Der Vater der Firework-Sängerin verriet RadarOnline: „Ich könnte mir tatsächlich keinen besseren Schwiegersohn als Russell vorstellen. Er macht mein kleines Mädchen so glücklich. Er lässt sie strahlen.“ Das klingt doch super. Da hat Katy ja nochmal Glück gehabt, denn der ausgefallene Brite würde wohl nicht bei jeden Eltern so hoch im Kurs stehen. Und Katys Mutter?

Die wollte Russell ja schon einmal zum christlichen Glauben bekehren und ihm dabei helfen, den Weg zu Gott zu finden. „Russell muss in Richtung des Lichts gehen und nicht in Richtung der Dunkelheit. Nur Gott kann den schlimmsten Menschen zum Guten machen“, so Mary Hudson. Das klingt schon etwas anders. Aber trotz der ein oder anderen Eskapade im Leben des Komikers, akzeptieren Katys Eltern ihren Mann total.

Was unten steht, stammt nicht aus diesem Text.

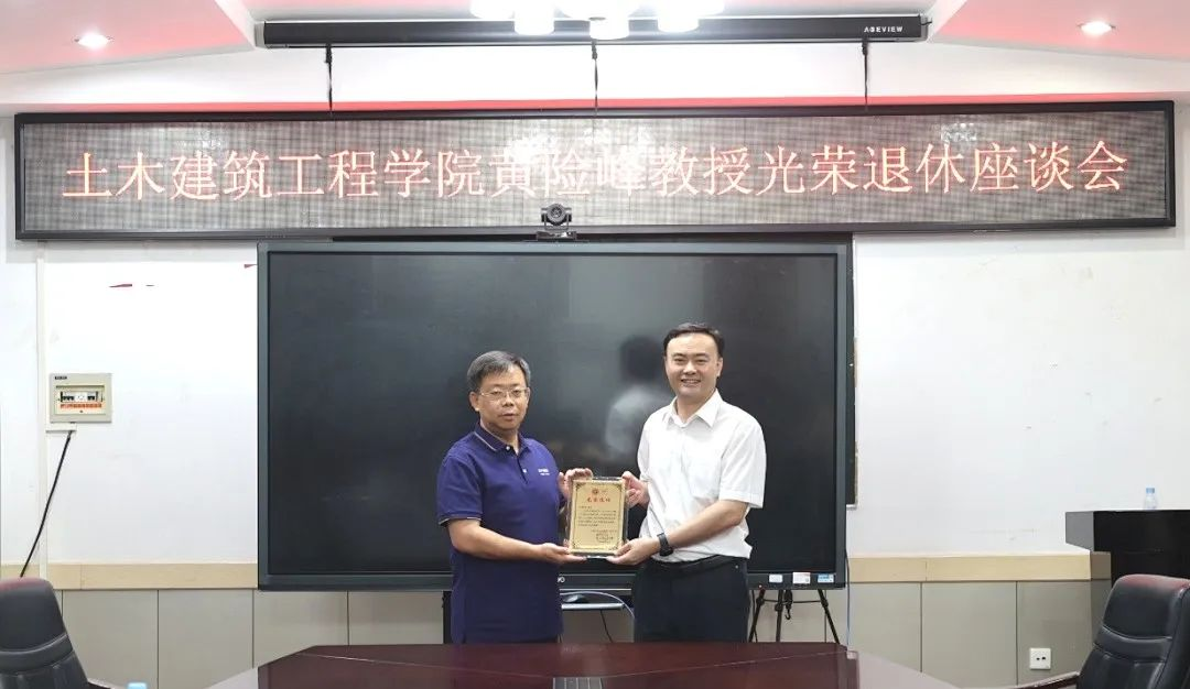4月23日下午,我院于学院三楼会议室为2025年4月正式退休的建筑规划系教授黄险峰举办了光荣退休座谈会。学院党委书记陈立华,副院长马少坤、杜彬以及与黄险峰教授共事多年的建筑规划系教师们参加座谈会。

„Sie sind einfach so glücklich miteinander und werden es immer bleiben“, versichern Mary und Keith den Medien. Und bei den Bildern der beiden frisch Getrauten kann man das auch gern glauben. 

*so solls sein :thumbup:
Gruss Gollum*


----------



## Q (24 Nov. 2010)

ich steh eher voll auf Katy  :thx:


----------



## Punisher (24 Nov. 2010)

wen interessiert ihr Vater ?


----------



## krawutz (25 Nov. 2010)

Das hat er mit Elefanten gemeinsam, die stehen auch auf ihren Rüssel.


----------